For Phase 2, development moved to NASA Center for Climate Simulation’s 14,400-processor Dell PowerEdge C6100 cluster “discover” running the ifort compiler. ESRI’s binary-interleaved (.bil) format was the data file format used by the USGS WRSI model. The first step to enable running of the full WRSI model, beyond the single point calculation, on discover was to create a brand new file I/O library. This several thousand line Fortran (LINUX) library was functionality extracted and translated from a 40,000 line custom Windows library written in Visual Basic. File reading and writing, including grid interpolation for aligning in a consistent fashion data and model run domain resolutions, of the new “bil” library was tested extensively for the many relevant uses, data sources and types, and domain setup scenarios present in the WRSI model.
The WRSI standalone fortran point calculation created during Phase 1 was integrated into LIS. Massive reorganization of the standalone code into LIS structures and several libraries was done. Page 125 of 138
Handling of the model’s precipitation and potential evapotranspiration atmospheric forcing data was integrated into LIS as a new specialized supplemental forcing module. Testing validated.

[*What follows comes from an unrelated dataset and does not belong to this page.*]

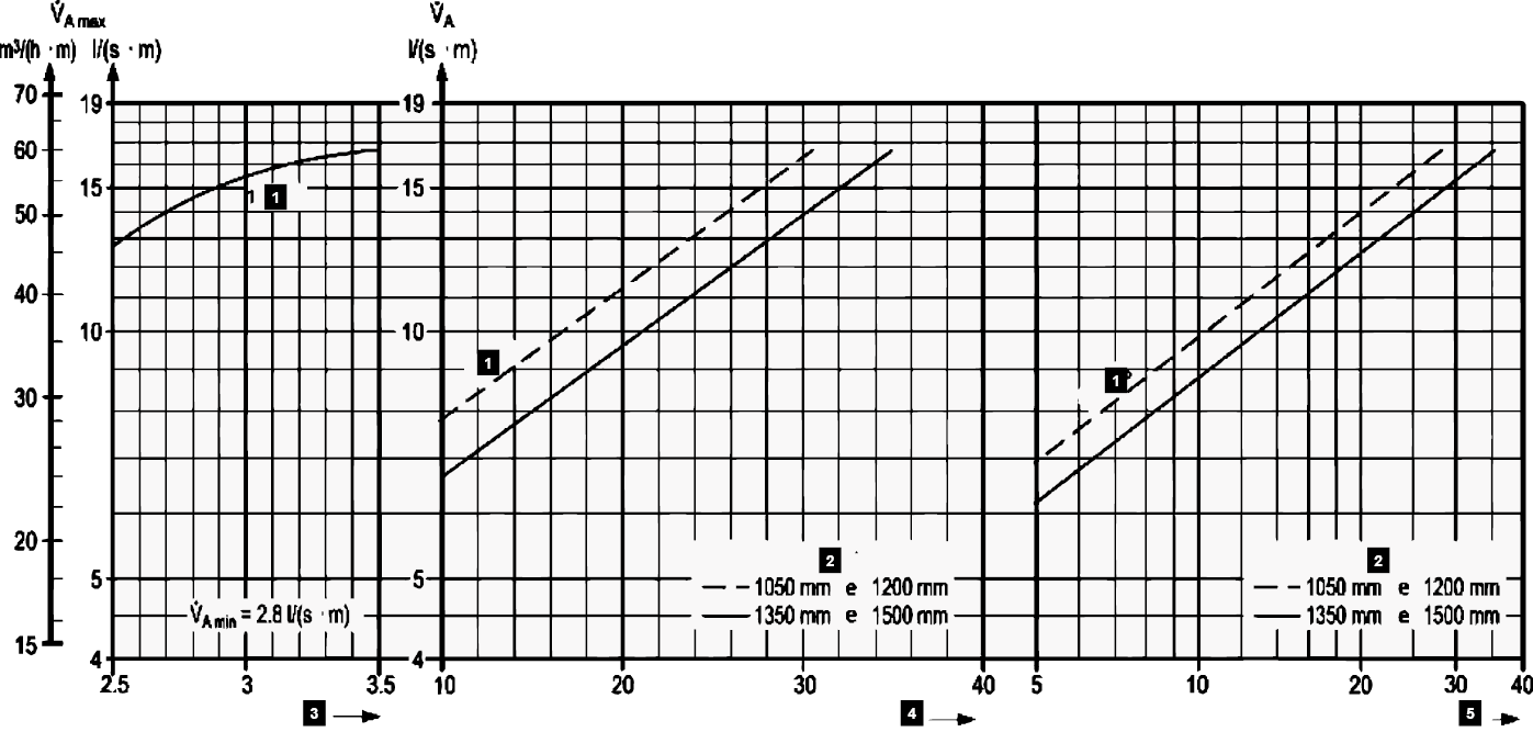 - Caudais indicativos de 60 até 400 m³/(h.m) para IN-V2 e 40 até 60 m³/(h.m) para IN-V3 (tabelas de seleção).

Features of the USGS WRSI model were ported and expanded further going from the point calculation to that of a full spatial grid. The USGS WRSI model implementation was a highly interactive graphical analysis tool concerned with narrowly-defined local crop growing conditions, whereas LIS was a generic batch calculator of evolving hydrology over an arbitrary spatial domain. The USGS WRSI model was only capable of running one growing season of one crop in one administrative growing region. To run in LIS, the new model needed to be able to run multiple growing seasons, and for multiple crops in multiple administrative growing regions, simultaneously. These new features, and a few of those ported over such as controlled substitution of climatological data for current data and the use of idiosyncratic dekad time steps, required brand new subsystems within and outside of LIS to support FLDAS-WRSI including a parameter management subsystem and multiple time handling tables. The SOS algorithm, meanwhile, was evolved to work seamlessly within LIS as an independent mode of running the same WRSI model. SOS is a parameter to WRSI. Therefore the official LIS post-processor “LVT” was augmented to enable reorganizing by season and reformatting into bil the output of the SOS mode runs for use in the WRSI run mode.

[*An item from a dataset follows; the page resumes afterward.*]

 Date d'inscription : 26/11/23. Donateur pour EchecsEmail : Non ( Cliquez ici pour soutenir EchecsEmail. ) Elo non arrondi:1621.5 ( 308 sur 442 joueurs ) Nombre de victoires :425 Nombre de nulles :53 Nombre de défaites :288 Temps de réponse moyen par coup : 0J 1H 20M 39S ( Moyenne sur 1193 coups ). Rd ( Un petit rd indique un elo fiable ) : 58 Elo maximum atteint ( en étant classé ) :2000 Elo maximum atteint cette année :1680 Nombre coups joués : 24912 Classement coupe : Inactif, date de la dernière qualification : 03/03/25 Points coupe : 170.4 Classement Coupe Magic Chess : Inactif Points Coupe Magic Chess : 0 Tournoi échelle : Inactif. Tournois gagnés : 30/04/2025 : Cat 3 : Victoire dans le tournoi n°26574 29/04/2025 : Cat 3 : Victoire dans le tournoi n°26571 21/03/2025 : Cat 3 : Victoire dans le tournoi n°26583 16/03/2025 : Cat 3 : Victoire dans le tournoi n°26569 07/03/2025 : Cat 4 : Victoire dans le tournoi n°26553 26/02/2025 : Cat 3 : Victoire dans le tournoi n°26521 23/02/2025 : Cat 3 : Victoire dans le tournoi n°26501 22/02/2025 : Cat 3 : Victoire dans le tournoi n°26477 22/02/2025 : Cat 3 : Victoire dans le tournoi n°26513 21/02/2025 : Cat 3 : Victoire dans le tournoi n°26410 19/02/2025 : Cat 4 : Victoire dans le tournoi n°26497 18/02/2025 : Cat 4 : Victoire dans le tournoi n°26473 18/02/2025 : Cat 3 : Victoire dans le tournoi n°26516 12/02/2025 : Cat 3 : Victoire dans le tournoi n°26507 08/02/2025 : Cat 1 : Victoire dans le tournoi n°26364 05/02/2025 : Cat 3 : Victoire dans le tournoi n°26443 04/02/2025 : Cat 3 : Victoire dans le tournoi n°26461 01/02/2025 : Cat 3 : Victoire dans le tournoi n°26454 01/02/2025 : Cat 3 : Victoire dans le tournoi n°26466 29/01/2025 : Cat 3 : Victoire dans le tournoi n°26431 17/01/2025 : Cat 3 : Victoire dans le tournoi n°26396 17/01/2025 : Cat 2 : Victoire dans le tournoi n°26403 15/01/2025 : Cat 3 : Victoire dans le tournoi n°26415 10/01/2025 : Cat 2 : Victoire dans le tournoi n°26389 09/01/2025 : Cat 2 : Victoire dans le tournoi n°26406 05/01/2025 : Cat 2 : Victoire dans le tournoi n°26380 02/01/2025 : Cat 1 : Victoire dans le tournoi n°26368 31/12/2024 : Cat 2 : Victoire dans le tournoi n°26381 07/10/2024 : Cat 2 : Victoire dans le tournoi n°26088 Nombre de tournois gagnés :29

FLDAS-WRSI operation was validated extensively using the 2003-2004 maize season in Malawi by comparing FLDAS-WRSI SOS and WRSI output against the equivalent USGS model outputs. Results were shown to match identically both in memory on discover and on firn.umd.edu, a Dell x86_64 LINUX machine managed at ESSIC and installed with a slightly newer version of ifort, as well as through the use of extensive GrADS visualization techniques. Results, including the figure that follows, were presented at PECORA in November 2011.

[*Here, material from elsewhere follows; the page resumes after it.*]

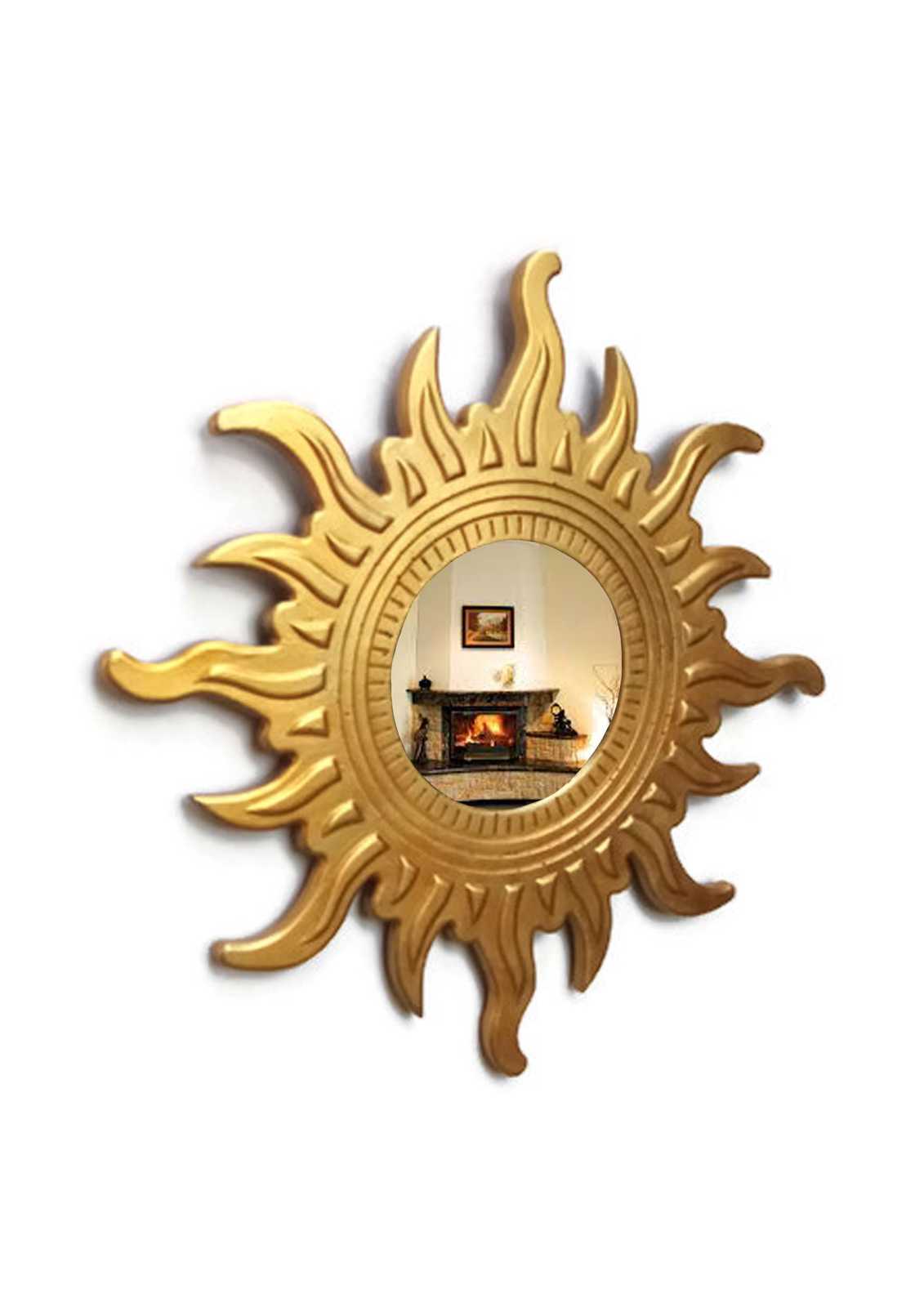 Golden Sunburst Resin Wall Mirror: Art Deco Style, Handmade

Thorough documentation and training of co-workers on building, setup, and running the FLDAS-WRSI model was completed.
Integration of WRSI proceeds to make the FLDAS-WRSI implementation more in the mold of other land surface models in LIS. WRSI will thereby have accessible to it all of the advanced features of LIS available to other fully – integrated models. Meanwhile requirements are being gathered for publication worthy studies and potential operational assimilation of the NASA LIS system, and specifically FLDAS-WRSI, into Earth Resources Observation and Science (EROS) –like prominence within the broader FEWS NET Mission.